Below are some entries. Return exactly the lines from the one with "1893, 3k black" through the final line, leaving out any pictures.

Data items:
== Segment start ==
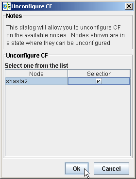 To unconfigure a CF node, first stop CF on that node. Then, from the Tools pull-down menu, click on Unconfigure CF. The Unconfigure CF pop-up display appears. Select the check box for the CF node to unconfigure, and click Ok (see below.)
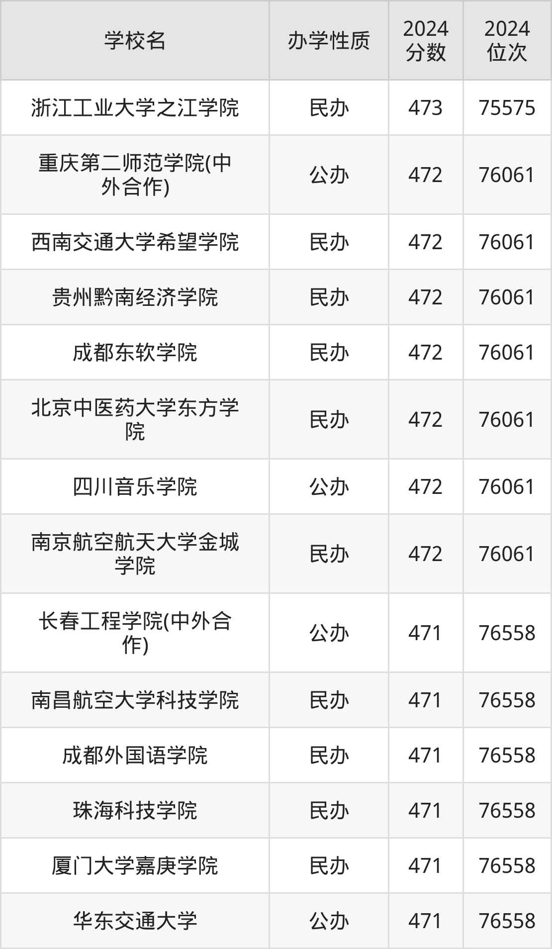 2024年重庆物理组本科线是427分,线上45分,即472分。本文筛选471分到473分之间的大学名单汇总。
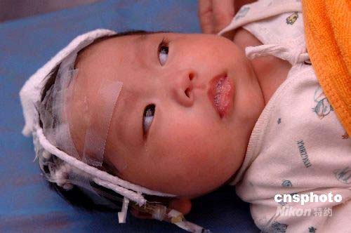2008年5月17日下午,四川大學華西醫(yī)院抗震救災急診部門,接來一位出生剛80天,來自地震重災區(qū)四川綿竹的女嬰,她的名字叫廖靜萱。廖靜萱目前腦部出現(xiàn)腦水腫,可能將要進行腦部手術(shù),其右腿也帶有地震創(chuàng)傷。中新社發(fā) 鄒憲 攝
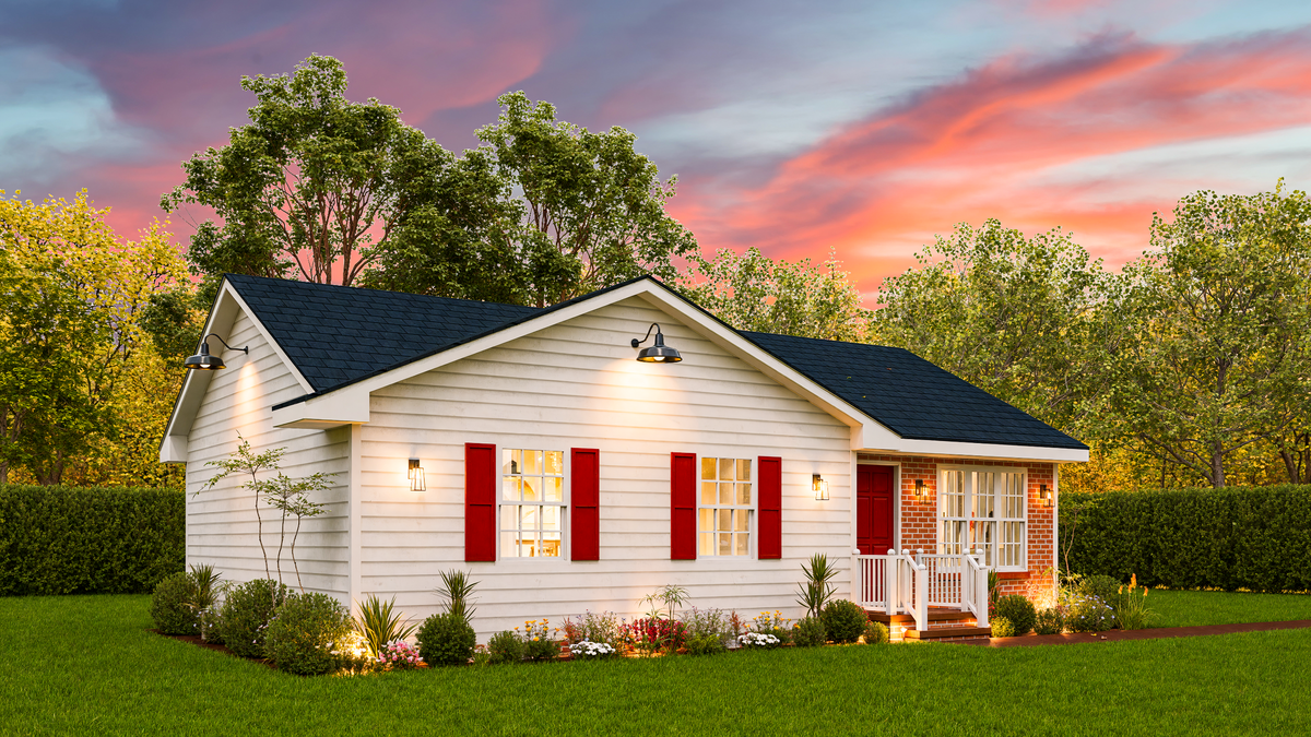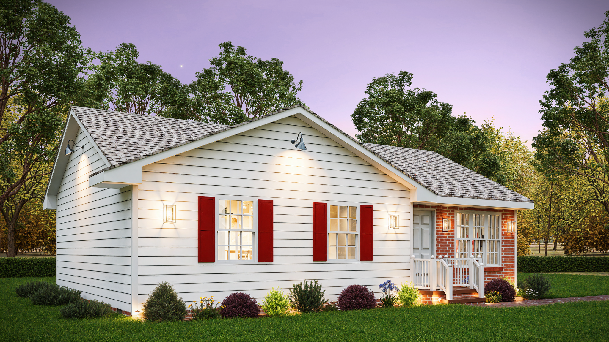 The first-floor master suite is tucked away for privacy and includes a walk-in closet and private bath, creating a restful retreat. Two additional bedrooms share a full bathroom and are ideal for kids, guests, or a home office. With 2x4 framing, stick-built roof construction, and a traditional 6:12 pitch, this home blends affordability with structural integrity. At just over 1,000 square feet, this plan maximizes livability without sacrificing charm or convenience.
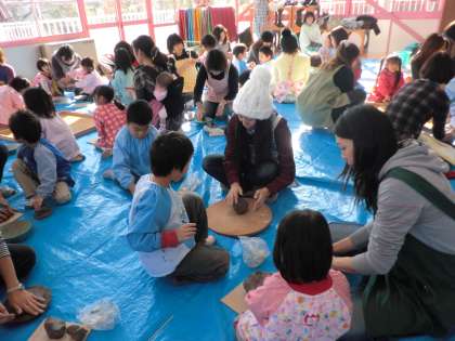 コップや大きなお皿,お父さんとお母さんのお茶碗,灰皿などとてもユニークで素敵な作品が出来上がりました。
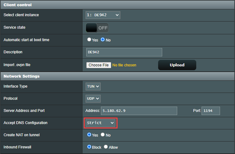 1. Set Accept DNS Configuration to Strict if you are planning to use NordVPN on all your home network devices or Exclusive if you will use it on specific devices. We recommend setting it to Strict.
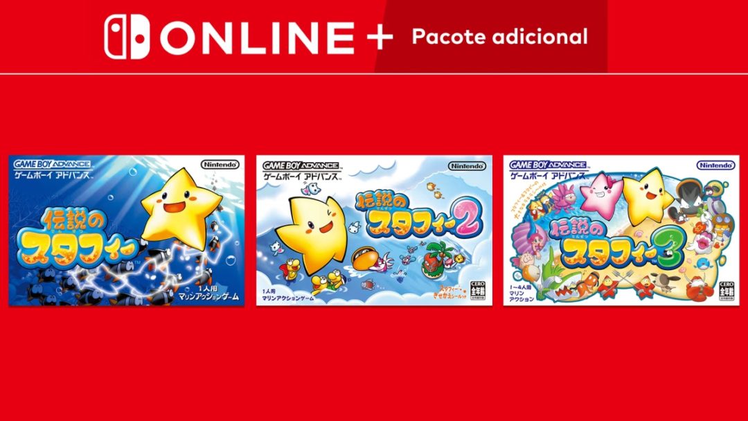 Já para os assinantes do Nintendo Switch Online + Pacote Adicional, a coletânea de Game Boy Advance agora inclui os três primeiros jogos da série Densetsu no Starfy. Acompanhe Starfy em suas aventuras subaquáticas, enfrentando desafios e salvando sua mãe raptada em histórias cheias de ação e diversão.
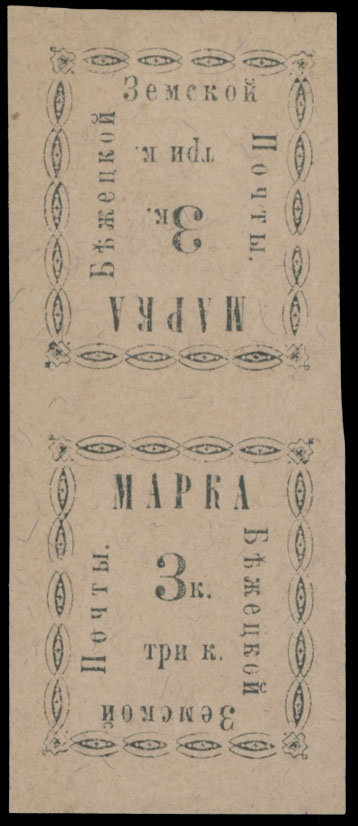 1893, 3k black printed on buff granite paper, vertical tete-beche pair, full OG, top stamp is hinged, bottom – NH, VF, C.v. $1,000, Est. $400-$500 , Schmidt #10S
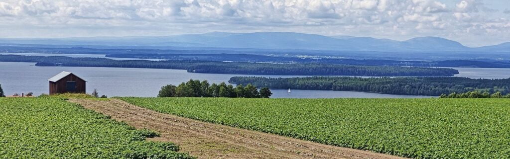 De route vandaag is schitterend, door het heuvelachtige landbouwgebied met aardappel- en gerstvelden en over mooie, frisgroene bospaden. En daarbij altijd aan onze linkerhand een geweldig uitzicht over het grote meer met daarin kleine eilandjes en daarbij op de achtergrond een aftekening van de bergen. Dit is voor ons Zweden op z’n mooist!
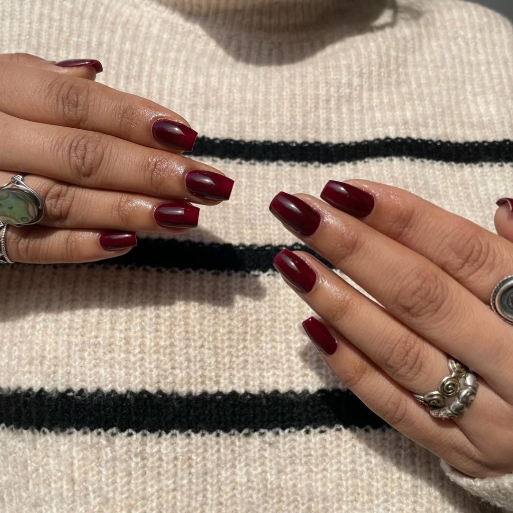 This dark cherry red manicure feels sharp, modern, and quietly powerful. The square shape gives the color structure, making it look intentional and confident rather than soft or romantic.
== Segment end ==
__Written reply__:
 1893, 3k black printed on buff granite paper, vertical tete-beche pair, full OG, top stamp is hinged, bottom – NH, VF, C.v. $1,000, Est. $400-$500 , Schmidt #10S
 De route vandaag is schitterend, door het heuvelachtige landbouwgebied met aardappel- en gerstvelden en over mooie, frisgroene bospaden. En daarbij altijd aan onze linkerhand een geweldig uitzicht over het grote meer met daarin kleine eilandjes en daarbij op de achtergrond een aftekening van de bergen. Dit is voor ons Zweden op z’n mooist!
 This dark cherry red manicure feels sharp, modern, and quietly powerful. The square shape gives the color structure, making it look intentional and confident rather than soft or romantic.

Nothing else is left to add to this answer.